> **Problem statement**: Set down the lines below, exactly, starting at the one that contains "- The Details" and stopping at the last line, inclusive. Omit pictures.

> **Supplied material**:
↓↓↓

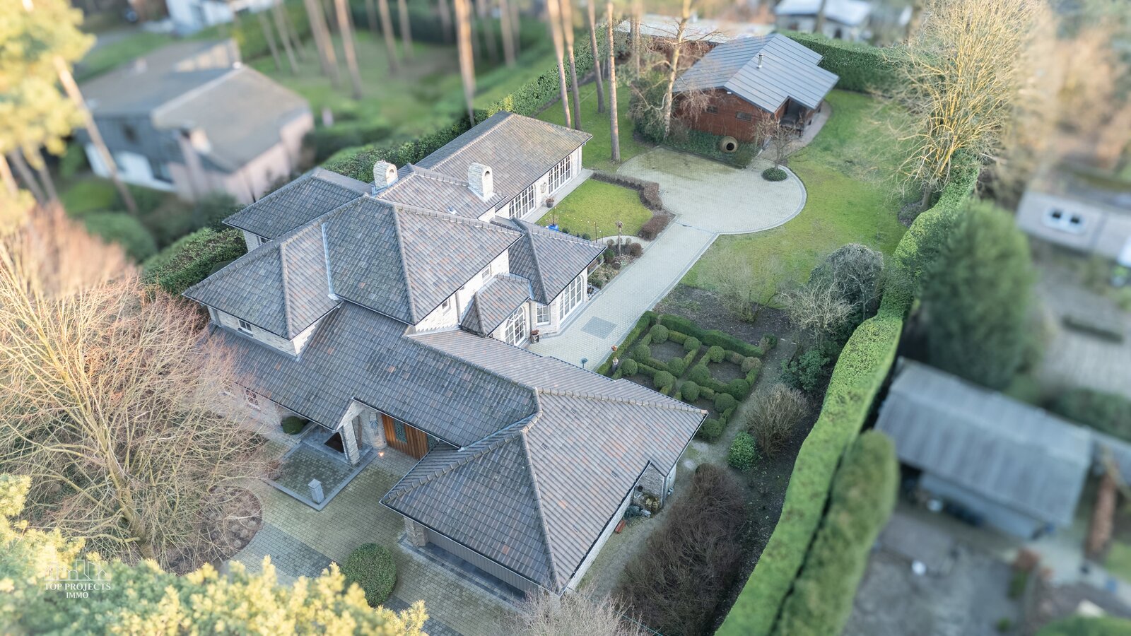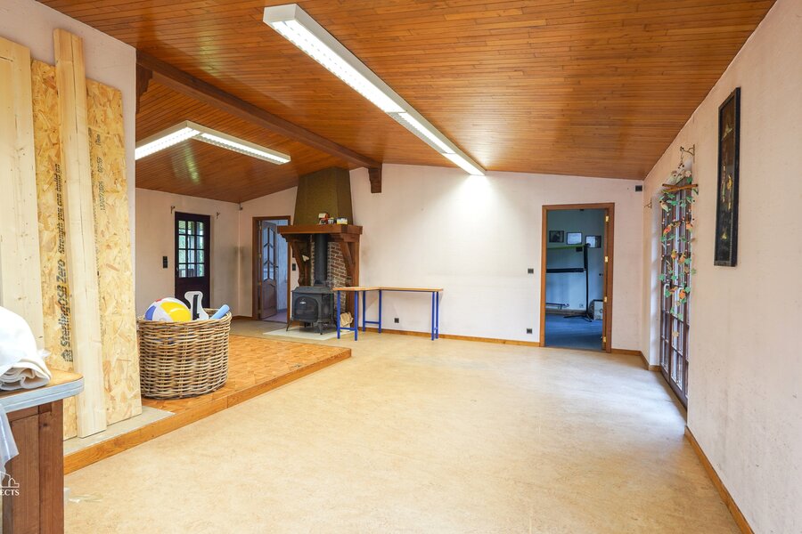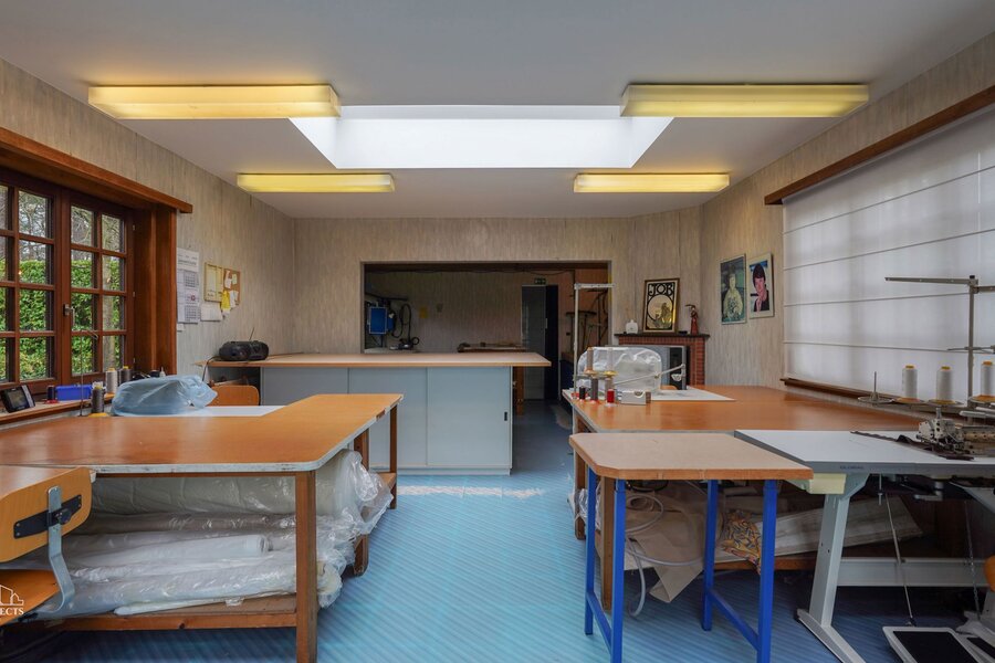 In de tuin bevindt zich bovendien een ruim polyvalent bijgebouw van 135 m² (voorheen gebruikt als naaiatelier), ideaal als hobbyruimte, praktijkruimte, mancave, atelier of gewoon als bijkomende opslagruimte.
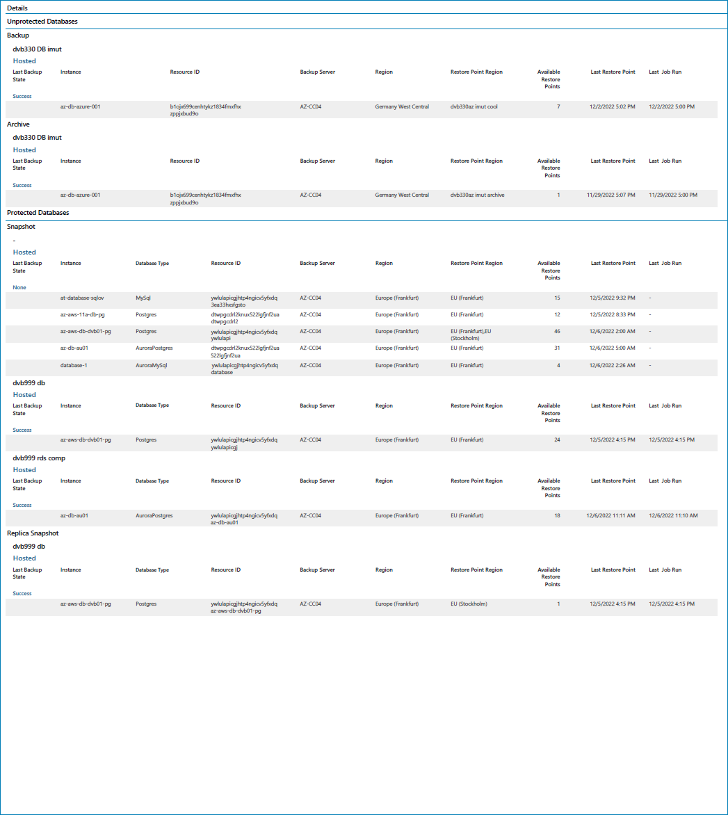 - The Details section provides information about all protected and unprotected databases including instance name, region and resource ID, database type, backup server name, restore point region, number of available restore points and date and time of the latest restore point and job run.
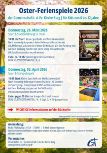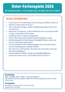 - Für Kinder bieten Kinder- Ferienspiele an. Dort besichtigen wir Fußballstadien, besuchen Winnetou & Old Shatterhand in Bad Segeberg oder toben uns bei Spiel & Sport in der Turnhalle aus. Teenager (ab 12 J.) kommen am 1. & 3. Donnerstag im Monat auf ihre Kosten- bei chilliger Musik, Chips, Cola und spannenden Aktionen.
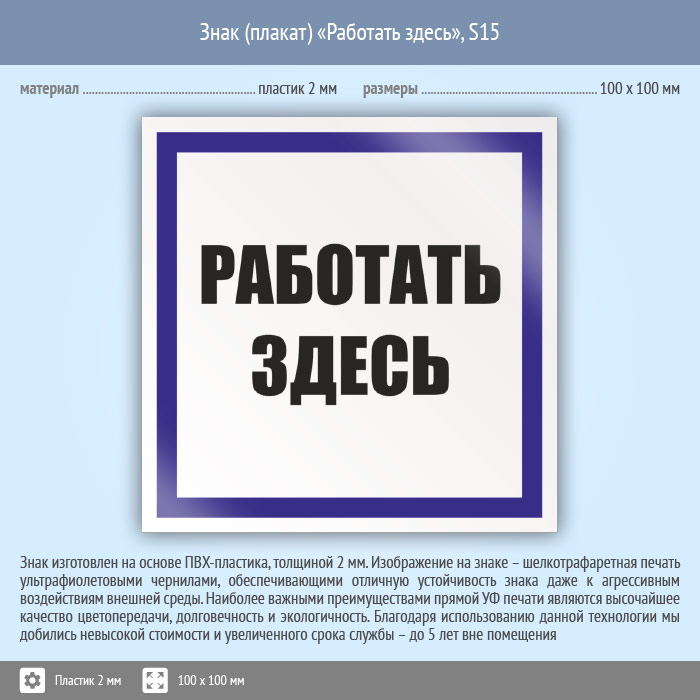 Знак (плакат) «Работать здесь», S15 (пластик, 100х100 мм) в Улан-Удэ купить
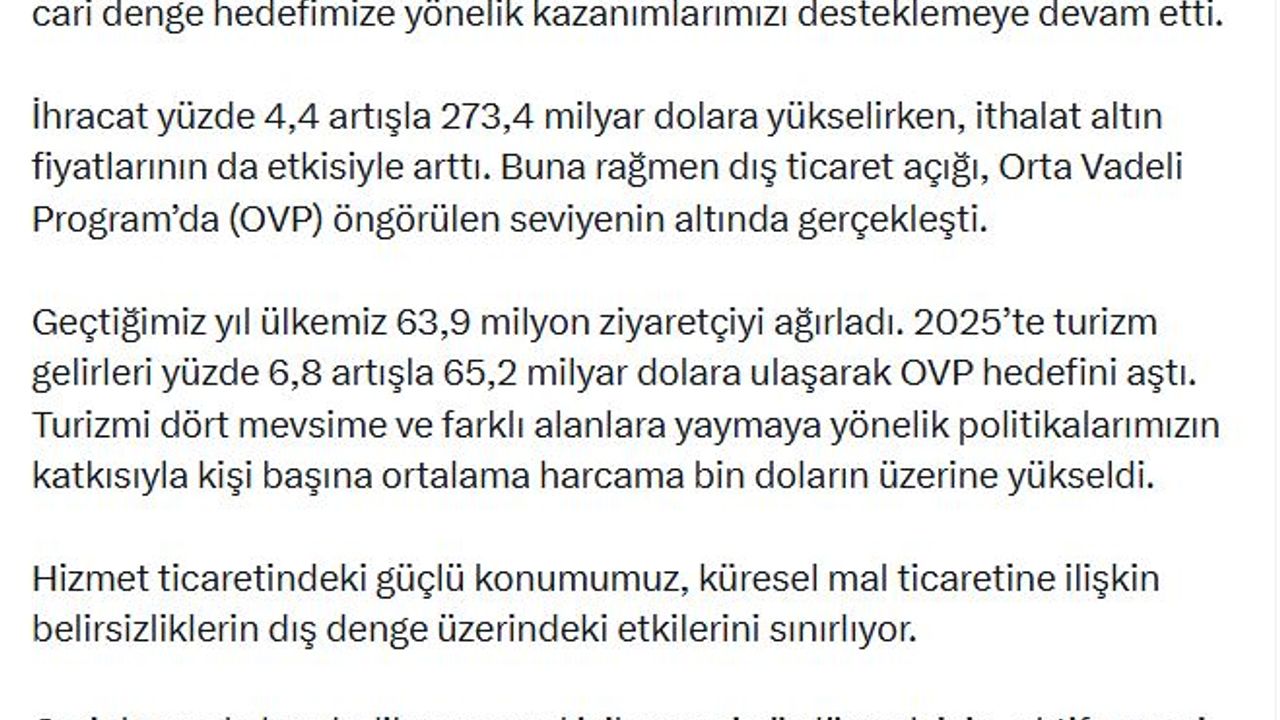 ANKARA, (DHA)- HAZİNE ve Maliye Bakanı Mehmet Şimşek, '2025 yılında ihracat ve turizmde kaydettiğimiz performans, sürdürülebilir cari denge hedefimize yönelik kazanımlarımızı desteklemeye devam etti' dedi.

↑↑↑

> **Answer below**:
 - The Details section provides information about all protected and unprotected databases including instance name, region and resource ID, database type, backup server name, restore point region, number of available restore points and date and time of the latest restore point and job run.
 - Für Kinder bieten Kinder- Ferienspiele an. Dort besichtigen wir Fußballstadien, besuchen Winnetou & Old Shatterhand in Bad Segeberg oder toben uns bei Spiel & Sport in der Turnhalle aus. Teenager (ab 12 J.) kommen am 1. & 3. Donnerstag im Monat auf ihre Kosten- bei chilliger Musik, Chips, Cola und spannenden Aktionen.
 Знак (плакат) «Работать здесь», S15 (пластик, 100х100 мм) в Улан-Удэ купить
 ANKARA, (DHA)- HAZİNE ve Maliye Bakanı Mehmet Şimşek, '2025 yılında ihracat ve turizmde kaydettiğimiz performans, sürdürülebilir cari denge hedefimize yönelik kazanımlarımızı desteklemeye devam etti' dedi.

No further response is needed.